This is the terror of God: Deuteronomy 32:39 See now that I, even I am he, and there is no god with me: I kill and I make alive; I wound, and I heal: neither is there any that can deliver out of my hand.
But, this hard God of Deuteronomy has more to reveal: His astonishing mercy: He often chooses to exercise His mercy over His jealous justice, and the fact that He does this is evidence of the power His love wields. This is the Triune God, the God that must divide Himself into the Father, Son, and Holy Ghost. He causes the sun to rise each morning, bleeds that we might live, and chooses to live within us, though we often make for a pretty dirty house.

This is the Awesome God Rich sang about. We turned that song into something stupid and trite, just like we have done with God, (humanity has a desperate need to shrink God so they can pretend to be equal to Him), but the lyric is devastating none the less: "there is thunder in His footsteps, and lightening in His fist."

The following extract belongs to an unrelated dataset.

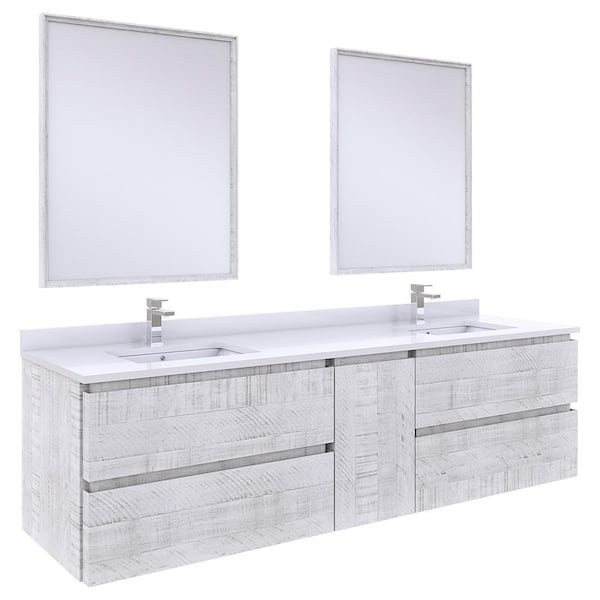 Formosa 72 in. Double Sink Wall Mount Floating Rustic White Bath Vanity with White Quartz Top, Ceramic Sinks and Mirrors

I think, deep down, people know this, but our insistence on worshiping the God we've created for ourselves makes us reluctant to get close to the Perfect God. Getting closer to God means you have to accept all of Him: the beautiful and good, along with the ugly and bad. Job understood this. Job was closer to God than most, because he knew and accepted that he was innocent and he suffered at the hand of God. God revealed Himself to Job in a complete way: with both mercy and cruelty, because Job was very close to Him. And Job was brave enough to look God in the eye.